▶ [DATA EXCERPT]
=== Section Start ===

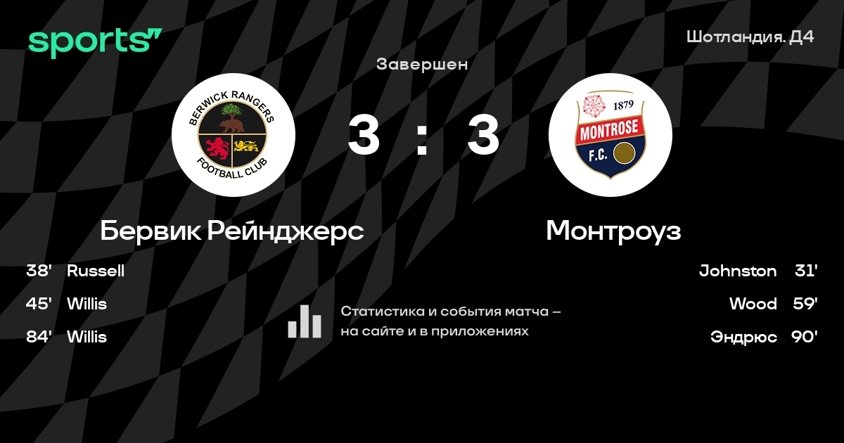 Bald - Jacobs, Young, Drummond, Fairbairn - Maxwell, Notman, Currie, Willis - Lavery, RussellЗапасные: Andrews, Tulloch, Gray, Henderson, Dargo
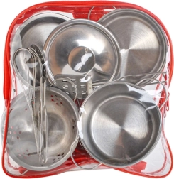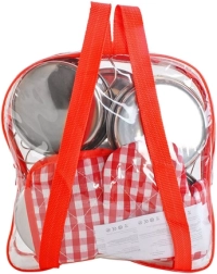 - 13 pièces – 2 casseroles (petite/grande), poêle, passoire, couvercle, 6 ustensiles, dessous de plat en textile et gant, sac à dos transparent.
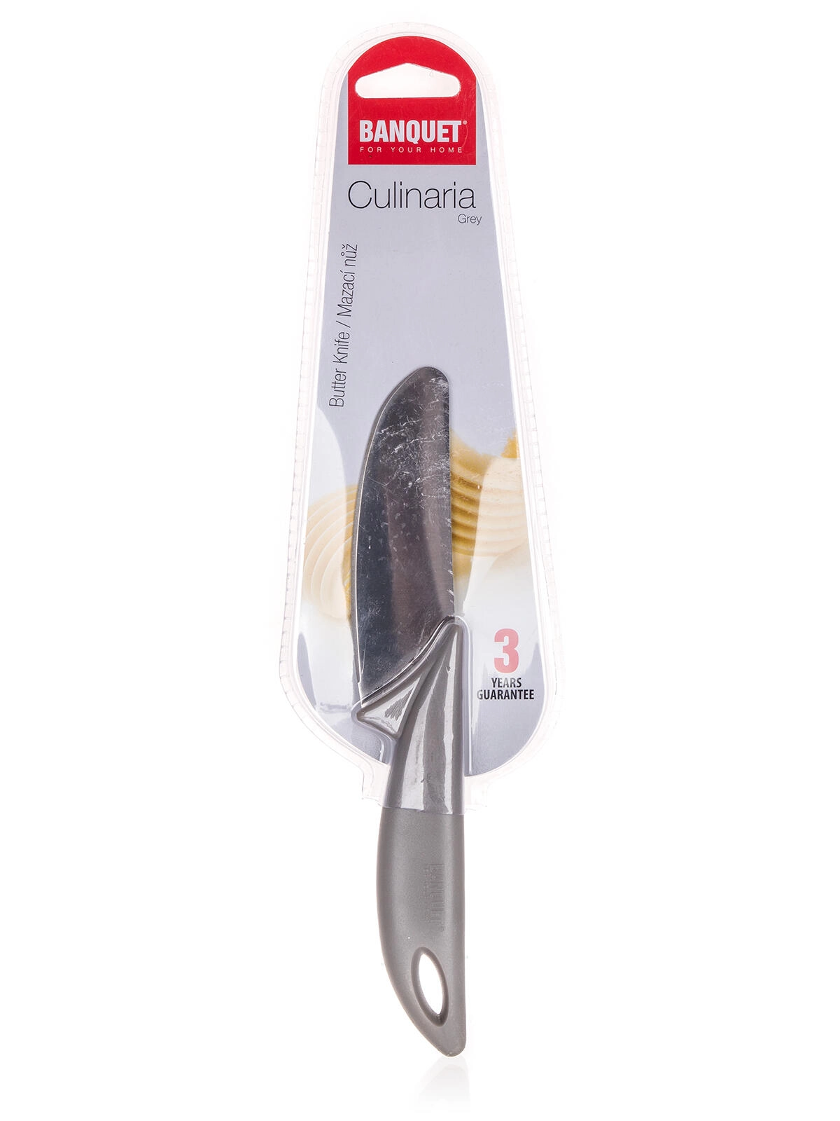 Het Culinaria Grey smeermes combineert een duurzaam stalen lemmet met een ergonomische kunststof handgreep voor aangename hantering. Dankzij de lemmetbreedte van 1,5 cm is het perfect voor gelijkmatig aanbrengen van boter, crèmes, patés en andere spreads op brood en gebak.
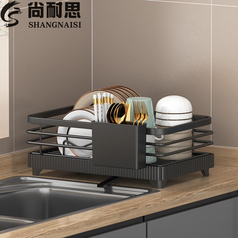 ชั้นวางจานระบายน้ำ แบบชั้นเดียว สีดำ รุ่นมาตรฐาน

=== Section End ===

Only the lines from the top of the material through the line containing "- 13 pièces" should be written out, exactly and without pictures.

▶ [RESPONSE BELOW]
 Bald - Jacobs, Young, Drummond, Fairbairn - Maxwell, Notman, Currie, Willis - Lavery, RussellЗапасные: Andrews, Tulloch, Gray, Henderson, Dargo
 - 13 pièces – 2 casseroles (petite/grande), poêle, passoire, couvercle, 6 ustensiles, dessous de plat en textile et gant, sac à dos transparent.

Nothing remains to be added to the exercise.